• GIVEN INFORMATION:
=== Section Start ===
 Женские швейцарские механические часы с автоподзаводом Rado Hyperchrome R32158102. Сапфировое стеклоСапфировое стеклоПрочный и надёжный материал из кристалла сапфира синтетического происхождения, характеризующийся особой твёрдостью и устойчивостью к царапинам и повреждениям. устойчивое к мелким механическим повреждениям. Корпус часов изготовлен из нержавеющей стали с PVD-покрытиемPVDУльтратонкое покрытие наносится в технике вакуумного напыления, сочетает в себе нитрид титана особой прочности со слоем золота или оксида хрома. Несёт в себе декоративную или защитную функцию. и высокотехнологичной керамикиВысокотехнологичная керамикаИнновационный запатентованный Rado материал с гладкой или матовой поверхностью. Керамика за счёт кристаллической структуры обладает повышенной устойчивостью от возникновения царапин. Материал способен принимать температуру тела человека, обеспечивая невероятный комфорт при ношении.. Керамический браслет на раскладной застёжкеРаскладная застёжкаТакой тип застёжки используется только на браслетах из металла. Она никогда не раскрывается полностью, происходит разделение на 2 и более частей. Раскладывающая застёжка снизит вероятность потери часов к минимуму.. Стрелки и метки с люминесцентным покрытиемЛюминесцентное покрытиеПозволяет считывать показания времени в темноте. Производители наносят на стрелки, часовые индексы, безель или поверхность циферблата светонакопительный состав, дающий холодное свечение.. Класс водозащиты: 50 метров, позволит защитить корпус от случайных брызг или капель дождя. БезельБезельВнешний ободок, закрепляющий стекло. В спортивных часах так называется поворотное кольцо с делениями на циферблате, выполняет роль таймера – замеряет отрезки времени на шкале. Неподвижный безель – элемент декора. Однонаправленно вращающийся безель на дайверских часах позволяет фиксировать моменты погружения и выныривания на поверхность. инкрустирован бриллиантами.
=== Section End ===
=== Section Start ===
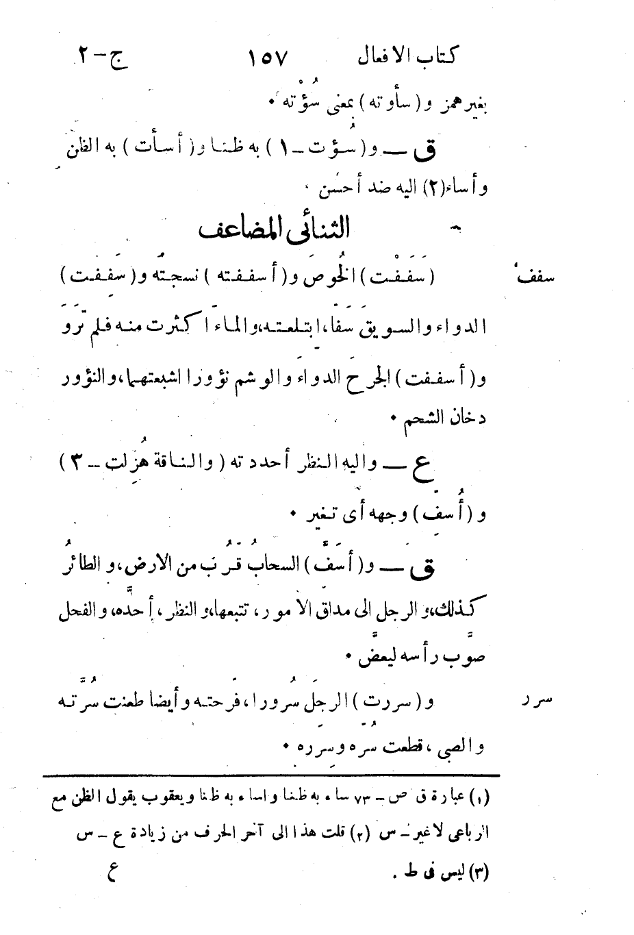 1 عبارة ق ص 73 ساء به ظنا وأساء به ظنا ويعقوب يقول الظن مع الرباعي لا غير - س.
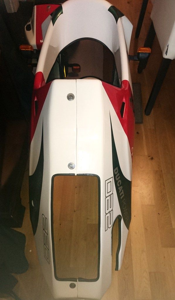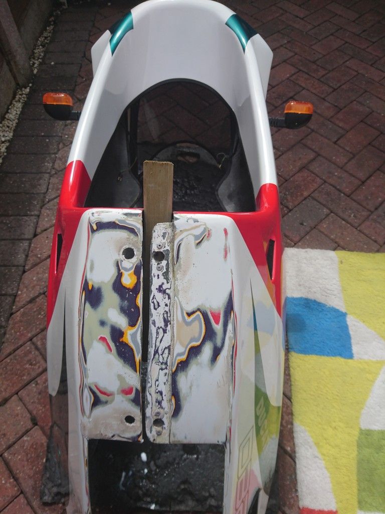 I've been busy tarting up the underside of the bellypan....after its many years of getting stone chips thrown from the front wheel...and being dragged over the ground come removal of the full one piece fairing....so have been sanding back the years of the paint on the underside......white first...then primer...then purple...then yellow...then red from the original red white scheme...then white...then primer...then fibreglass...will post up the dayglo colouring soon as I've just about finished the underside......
=== Section End ===
• EXERCISE DIRECTIONS: The expected output is the lines above from the one containing "1 عبارة ق ص" to the one containing "I've been busy", both ends included, reproduced exactly with every picture left out.

• RESULT FOR THIS EXERCISE:
 1 عبارة ق ص 73 ساء به ظنا وأساء به ظنا ويعقوب يقول الظن مع الرباعي لا غير - س.
 I've been busy tarting up the underside of the bellypan....after its many years of getting stone chips thrown from the front wheel...and being dragged over the ground come removal of the full one piece fairing....so have been sanding back the years of the paint on the underside......white first...then primer...then purple...then yellow...then red from the original red white scheme...then white...then primer...then fibreglass...will post up the dayglo colouring soon as I've just about finished the underside......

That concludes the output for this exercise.